Over the past decade, more than 2,000 bodies have been recovered from the Sonora Desert in Arizona and brought to the morgue at Pima County. Of these, 700 have never been identified. When Silver first filmed the body of man with the words “Dayani Cristal” tattooed across his chest, the odds of determining his identity seemed remote. But some excellent detective work soon pinpointed the man as Honduran. The film’s heart-breaking final sequence reveals the significance of the tattoo.

“Once we knew he was Honduran and not Mexican,” says the director, “the Honduran government set up introductions to the family. So when I returned with the coffin from the US to Honduras, the family knew I would be there and that was okay with them. I spent a few weeks in the village afterwards, and there have been more trips since.”

By way of a memorial to this onceanonymous migrant, Silver, Bernal and the film’s producers immediately entered into negotiations with the family and community left behind.

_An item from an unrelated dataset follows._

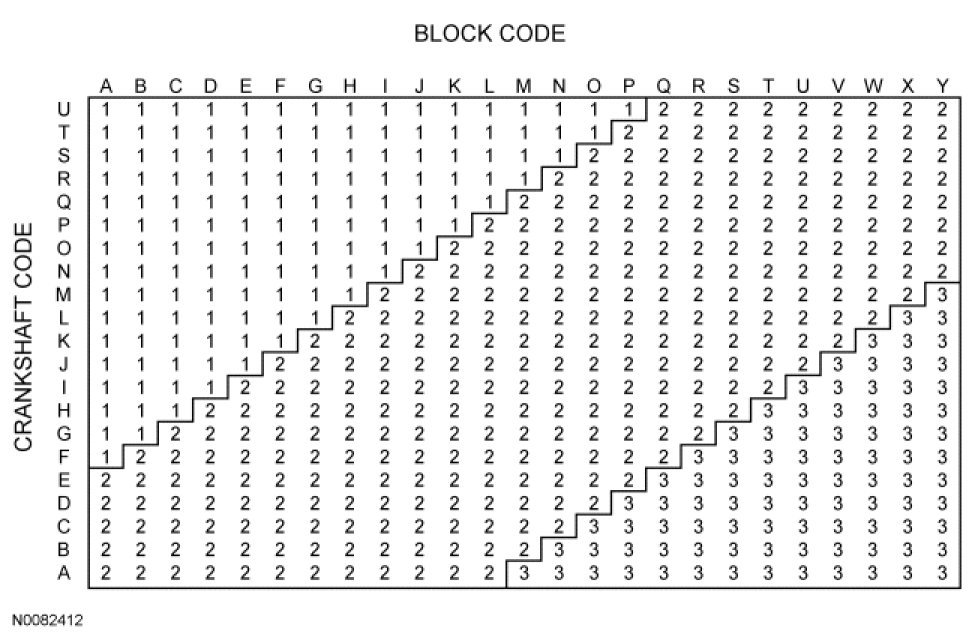 - If the block code is *BM*QS* and the crankshaft code is *OL*PO*, Main No. 1 should be built with grade 1 bearings, as determined by the intersection of the B block column and the O crankshaft row on the chart. Mains No. 2, No. 3 and No. 4 should all be grade 2.

“It’s very rare for this kind of film to ever make any money,” says Silver. “But from that first visit we were keen to work out something that is of benefit to them, given that this is their story. So the following year they discussed what they needed as a community. We are still looking for another $20,000 but we made $50,000 already to pay for a water supply system and a further $30,000 for a school. That is currently being built.”

There are complex issues at the heart of Who Is Dayani Cristal?. The film quotes forensic anthropologist Bruce Anderson: "The problem is all economic. We're dangling the carrot in grocery stores, in hotels and service industries . . . We benefit from a blue-collar labour force that has brown skin." Mostly, though, the film studiously avoids politics and proselytising.

“We did a load of interviews to understand the politics, which we hosted on the website,” says Silver. “But we didn’t want to bring that kind of talking-head politics into the film. We had this sort of unwritten rule that all the people in the film had been in touch with the dead person in some way. They’re people in morgue or at various consulates and, of course, the family.

“My thinking was there’s enough left- and right-wing opinion on the subject, particularly in the US. What seemed to be lacking was human empathy or a sense of universality.”